Deletions of the long arm of chromosome 4 detectable by cytogenetic analysis (standard karyotyping), fluorescent in situ hybridisation (FISH), multiplex ligation-dependent probe amplification (MLPA) or comparative genomic hybridisation (CGH) cause 4q- syndrome. Here we describe 3 cases of 4q- syndrome which demonstrate the variations in clinical presentation, diagnosis and prognosis observed in this condition. Patient 1 was a female foetus diagnosed with del(4)(q33) following chorionic villus sampling (CVS) at 14 weeks, and the pregnancy was terminated at 18 weeks. Patient 2 was a 5-month-old boy with del(4)(q31.3) and complex congenital heart disease. He also had a duplication of chromosome 6p and died of cardiac failure. Patient 3 is a 2-year-old girl with mild dysmorphic features and an interstitial deletion del(4)(q22.1q23). She has no major malformations and only slight developmental delay.

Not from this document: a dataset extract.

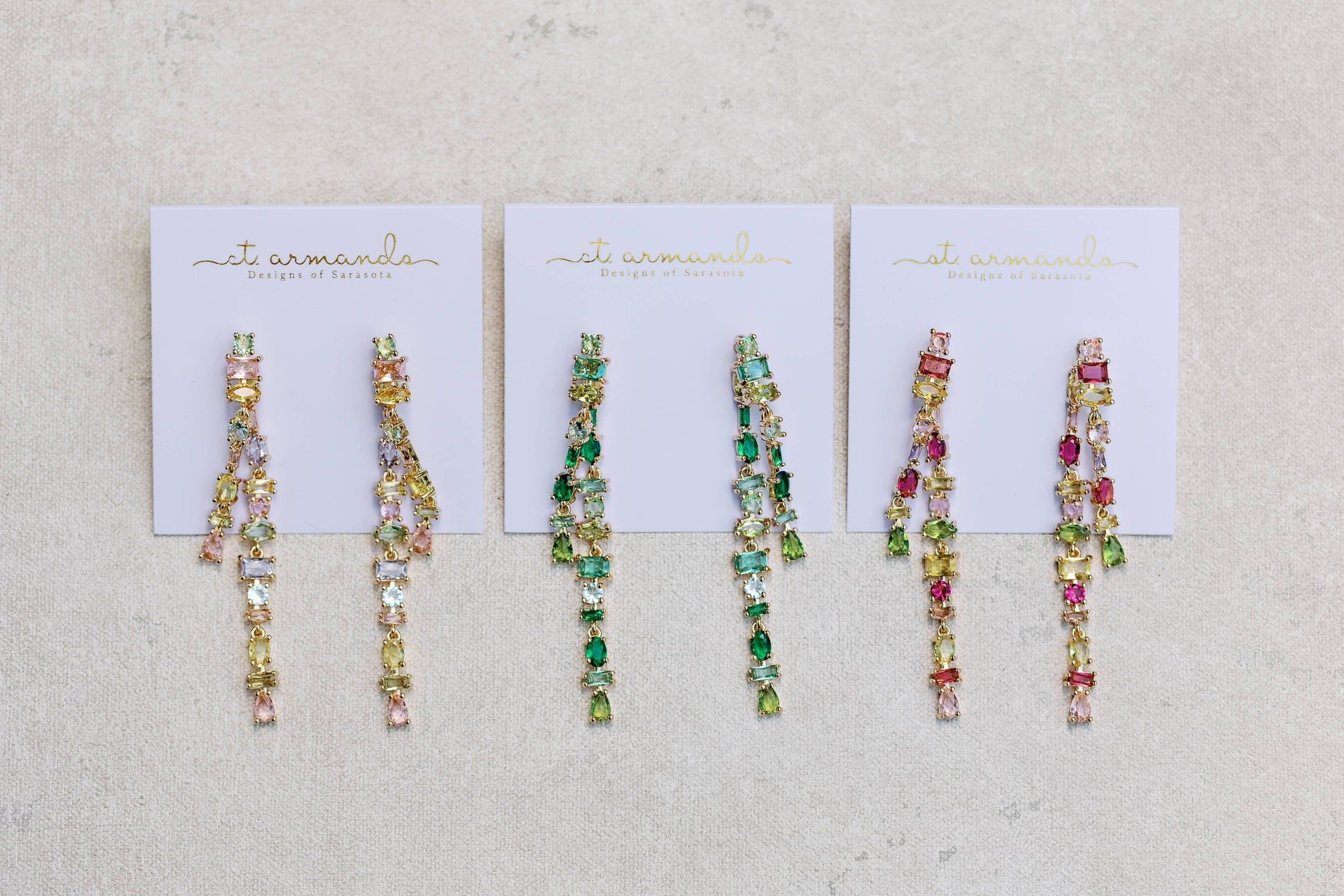 Our Layered Duster Earrings are adorned with jewel-toned rhinestones in an array of shapes and colors. These earrings showcase a blend of emerald, olive green, turquoise, and citrine stones, creating a vibrant and sophisticated look that is perfect for all year. This lightweight style is 3” in length.

► The 4q deletion syndrome is a multiple congenital anomaly and mental retardation syndrome.
► Affected patients show similar features despite differences in location and size of the deletion.
► This may be explained by interaction of distant genes, gene dosage effects and epigenetic factors.
► Array-CGH improves diagnostic accuracy and genotype-phenotype correlations in 4q- syndrome.